И, не дождавшись ответа, Аида пошла по коридору к себе в костюмерную.
«Она ведь идейная иудейка, кажется, – вспомнила Эстер. – Даже на собрания какие-то ходит. Кто же это мне про нее рассказывал? А, неважно!»
Все было сейчас неважно, а важно только то, что спектакль «С неба свалились», любимый всей труппой, как живой ребенок, вскоре будет закрыт, как идейно невыдержанный. В этом можно было не сомневаться, закрыли же «Чудеса ХХХ века», и именно по дурацкой идейной причине, и никто ничего не смог сделать, и даже ежевечерняя толпа зрителей у входа не произвела никакого впечатления на партийное начальство.
И как Эстер было не гореть гневом, когда весь ее душевный фейерверк зависел от ничтожных людей, которые про живой, как огонь, спектакль писали мертвыми словами в своих никому не нужных газетах?

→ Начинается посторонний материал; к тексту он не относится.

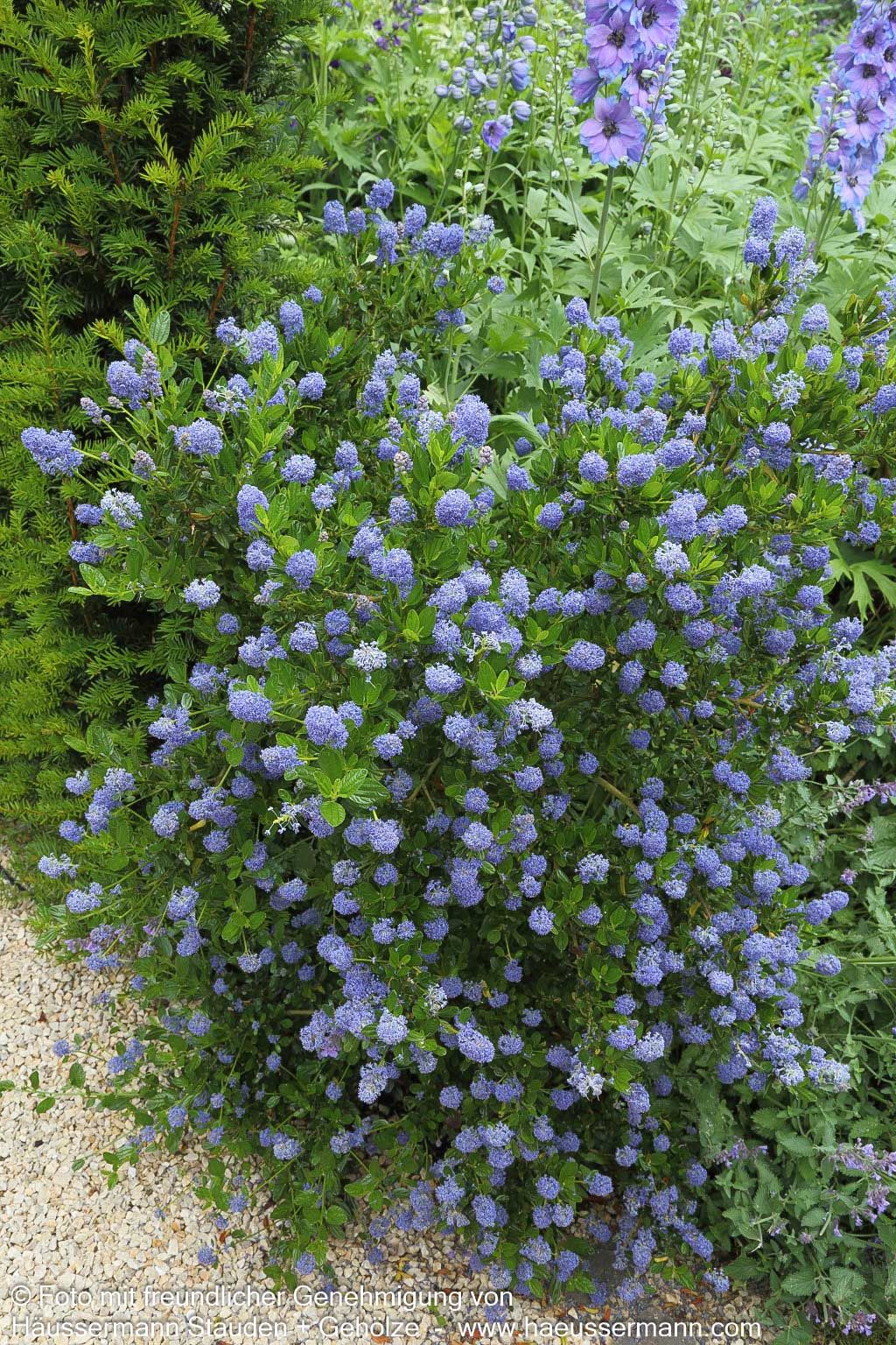 Die Kriechende Säckelblume (Ceanothus thyrsiflorus repens) ist ein bezaubernder bodendeckender Strauch, der mit seinem glänzenden, wintergrünen Laub und den zahlreichen violettblauen Blüten von Juni bis August jeden Garten bereichert. Dieses Laubgehölz erreicht eine kompakte Größe von bis zu einem Meter in Höhe und Breite und wächst dabei breit ausladend. Als Kleingehölz eignet sich diese Pflanze perfekt für geschützte Lagen in sonnigen Bereichen mit frischen Böden. Die spektakuläre violettblaue Blütenpracht in den Sommermonaten Juni, Juli und August macht sie zu einem wertvollen Blütenschmuck und die blauen Blütenstände ziehen Bienen und Schmetterlinge magisch an.

Обо всем этом она и думала сейчас, глядя на унылые осенние капли, бегущие по окну «Марселя».
– Нынче Игнат придет. – Ксенька нарушила молчание неожиданно, и Эстер вздрогнула от ее голоса. А вернее, от известия, которое она сообщила. – Он книги покупал у букинистов, ему по строительству нужно было, и для меня обещал посмотреть. По фарфору. Знаешь, на Ильинке букинисты.

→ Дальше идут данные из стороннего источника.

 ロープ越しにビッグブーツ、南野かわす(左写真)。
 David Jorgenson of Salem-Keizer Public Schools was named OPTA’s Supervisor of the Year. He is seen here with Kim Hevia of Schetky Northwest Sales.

– Не знаю, – буркнула Эстер. – Ты же всегда на Никитском смотрела.
– Он для меня и на Никитском посмотрит, – кивнула Ксения. – На Ильинке больше научные книги, там про фарфор может и не найтись, тогда на Никитском. И сегодня же принесет. Это мне ко дню рожденья, – словно оправдываясь, добавила она. – Я думаю, ему не понравилось бы какие-нибудь дамские штучки выбирать, он ведь очень разумен. – Ксения чуть заметно улыбнулась. – Да и не понимает в этом ничего.
– Зато я понимаю. – Эстер не выдержала и улыбнулась тоже, хотя от упоминания об Игнате ей стало вовсе не весело. – А меня ты, выходит, на день рожденья не приглашаешь?

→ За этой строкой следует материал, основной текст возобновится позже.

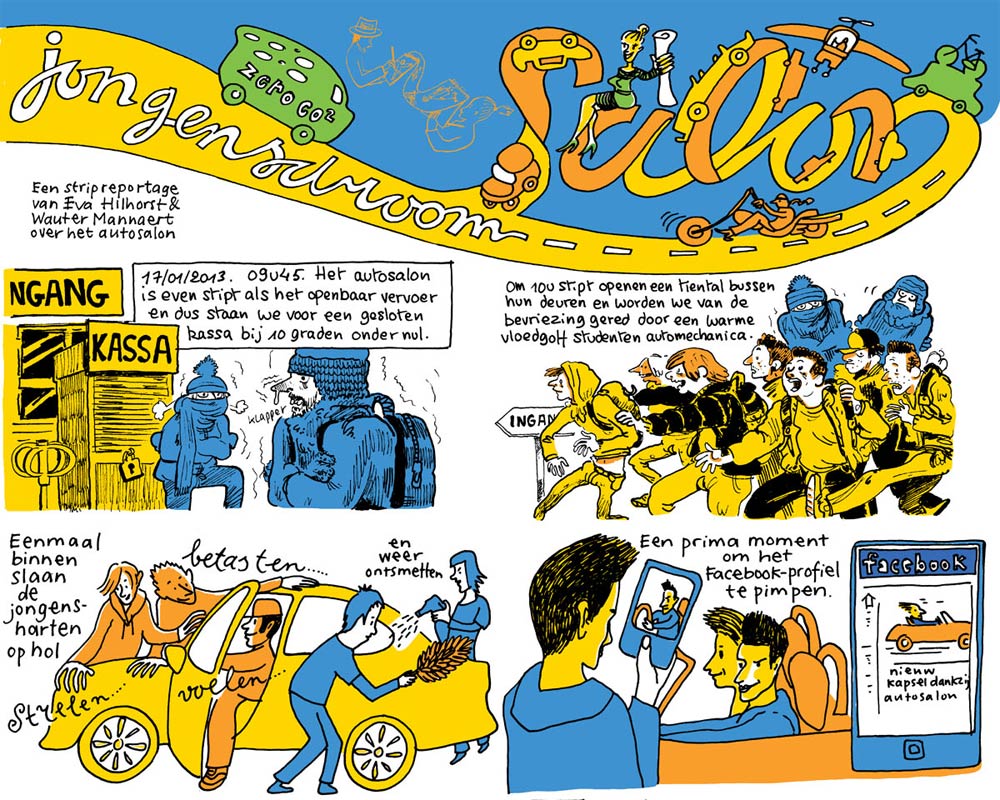 2013 graphic report by Wauter Mannaert and Eva Hilhorst about the European Motor Show Brussels ("Autosalon").

– Ну что ты! – Ксенька даже побледнела от того, что ее подруга могла сделать такое предположение. – Разумеется, приглашаю. Сегодня в семь.
– Как сегодня? – ахнула Эстер. – У тебя же завтра!
– Но завтра понедельник, и все заняты, – объяснила Ксения. По тому, как она при этом отвела глаза, Эстер догадалась, что «все» – это, разумеется, Игнат. Не мадам же Францева занята в понедельник! – Бабушка пирог с черноплодкой испекла, – добавила Ксения. – Потихоньку от меня. Ей мадам Францева для сердца черноплодной рябины подарила, надо было на спирту настоять, но пока я раздумывала, где же спирту взять, бабушка вот как распорядилась.